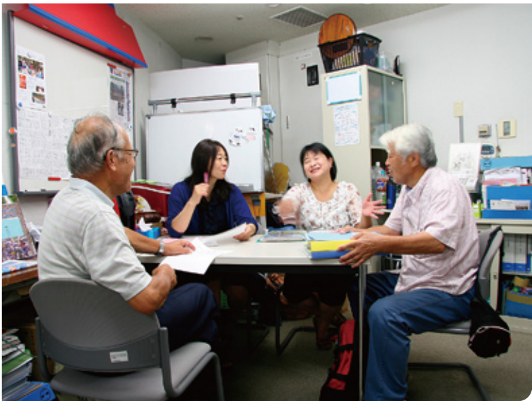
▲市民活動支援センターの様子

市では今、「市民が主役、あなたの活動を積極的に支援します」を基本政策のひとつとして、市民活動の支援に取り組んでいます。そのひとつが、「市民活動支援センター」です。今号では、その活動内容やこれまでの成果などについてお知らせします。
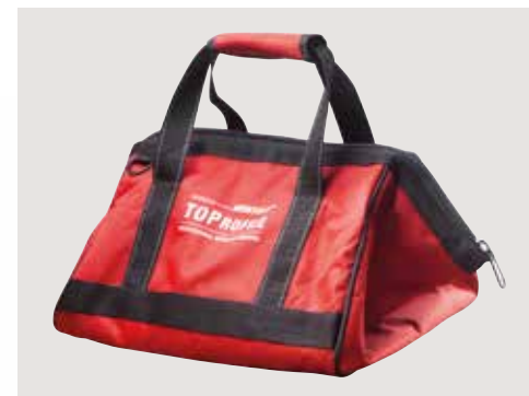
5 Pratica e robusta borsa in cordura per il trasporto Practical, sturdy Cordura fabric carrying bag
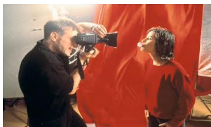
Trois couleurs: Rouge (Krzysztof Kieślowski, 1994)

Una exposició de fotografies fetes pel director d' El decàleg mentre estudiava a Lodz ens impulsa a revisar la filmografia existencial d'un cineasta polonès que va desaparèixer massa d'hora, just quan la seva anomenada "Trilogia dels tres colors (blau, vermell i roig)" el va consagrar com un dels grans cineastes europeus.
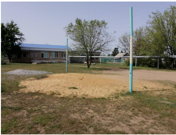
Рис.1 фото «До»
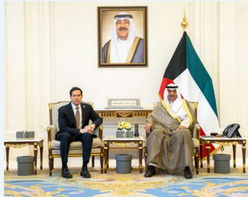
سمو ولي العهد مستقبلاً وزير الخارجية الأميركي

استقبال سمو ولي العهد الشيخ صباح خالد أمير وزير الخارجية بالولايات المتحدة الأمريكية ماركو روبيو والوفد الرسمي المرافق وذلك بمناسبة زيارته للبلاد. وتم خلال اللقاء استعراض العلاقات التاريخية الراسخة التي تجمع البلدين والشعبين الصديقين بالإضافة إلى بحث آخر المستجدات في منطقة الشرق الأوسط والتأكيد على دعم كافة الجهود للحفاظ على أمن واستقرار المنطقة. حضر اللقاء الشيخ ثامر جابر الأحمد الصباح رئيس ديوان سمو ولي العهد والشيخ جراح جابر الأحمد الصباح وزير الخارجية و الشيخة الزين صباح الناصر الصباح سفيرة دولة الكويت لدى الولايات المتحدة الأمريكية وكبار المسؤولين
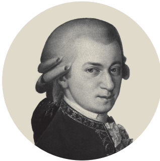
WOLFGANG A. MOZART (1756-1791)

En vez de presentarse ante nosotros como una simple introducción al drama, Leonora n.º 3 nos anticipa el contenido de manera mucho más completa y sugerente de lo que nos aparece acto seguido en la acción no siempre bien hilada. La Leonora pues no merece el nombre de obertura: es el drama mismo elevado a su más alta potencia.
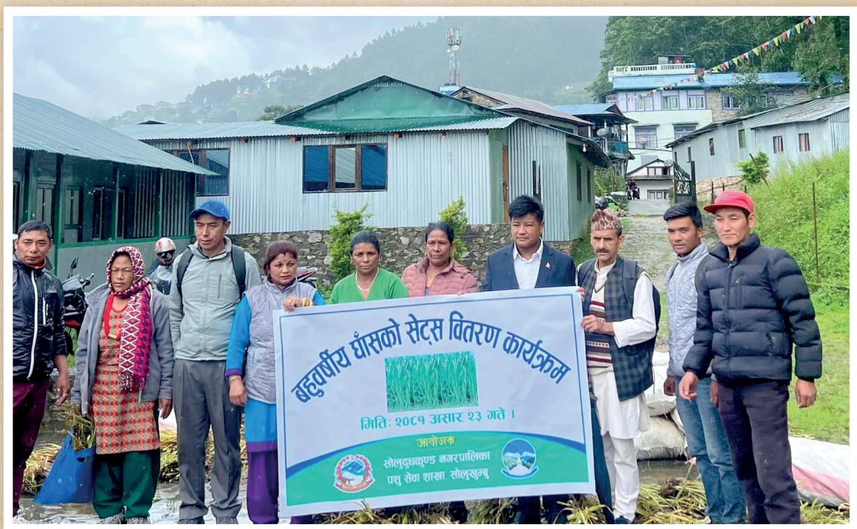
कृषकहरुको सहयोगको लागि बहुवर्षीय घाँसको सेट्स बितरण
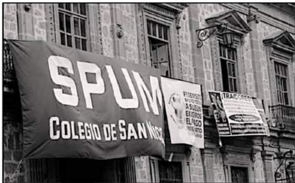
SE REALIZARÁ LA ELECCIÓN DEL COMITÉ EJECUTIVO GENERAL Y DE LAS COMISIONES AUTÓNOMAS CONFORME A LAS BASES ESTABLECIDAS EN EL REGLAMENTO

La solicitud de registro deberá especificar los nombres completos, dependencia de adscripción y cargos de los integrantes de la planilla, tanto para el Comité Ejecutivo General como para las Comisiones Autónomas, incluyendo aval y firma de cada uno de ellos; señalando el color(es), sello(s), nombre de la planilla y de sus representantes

(What this task involves) While leaving pictures out, reproduce exactly the lines from the beginning of the listing above through the line containing "WOLFGANG A. MOZART (1756-1791)", both ends included.

(Solution for this task)
▲市民活動支援センターの様子

市では今、「市民が主役、あなたの活動を積極的に支援します」を基本政策のひとつとして、市民活動の支援に取り組んでいます。そのひとつが、「市民活動支援センター」です。今号では、その活動内容やこれまでの成果などについてお知らせします。
5 Pratica e robusta borsa in cordura per il trasporto Practical, sturdy Cordura fabric carrying bag
Trois couleurs: Rouge (Krzysztof Kieślowski, 1994)

Una exposició de fotografies fetes pel director d' El decàleg mentre estudiava a Lodz ens impulsa a revisar la filmografia existencial d'un cineasta polonès que va desaparèixer massa d'hora, just quan la seva anomenada "Trilogia dels tres colors (blau, vermell i roig)" el va consagrar com un dels grans cineastes europeus.
Рис.1 фото «До»
سمو ولي العهد مستقبلاً وزير الخارجية الأميركي

استقبال سمو ولي العهد الشيخ صباح خالد أمير وزير الخارجية بالولايات المتحدة الأمريكية ماركو روبيو والوفد الرسمي المرافق وذلك بمناسبة زيارته للبلاد. وتم خلال اللقاء استعراض العلاقات التاريخية الراسخة التي تجمع البلدين والشعبين الصديقين بالإضافة إلى بحث آخر المستجدات في منطقة الشرق الأوسط والتأكيد على دعم كافة الجهود للحفاظ على أمن واستقرار المنطقة. حضر اللقاء الشيخ ثامر جابر الأحمد الصباح رئيس ديوان سمو ولي العهد والشيخ جراح جابر الأحمد الصباح وزير الخارجية و الشيخة الزين صباح الناصر الصباح سفيرة دولة الكويت لدى الولايات المتحدة الأمريكية وكبار المسؤولين
WOLFGANG A. MOZART (1756-1791)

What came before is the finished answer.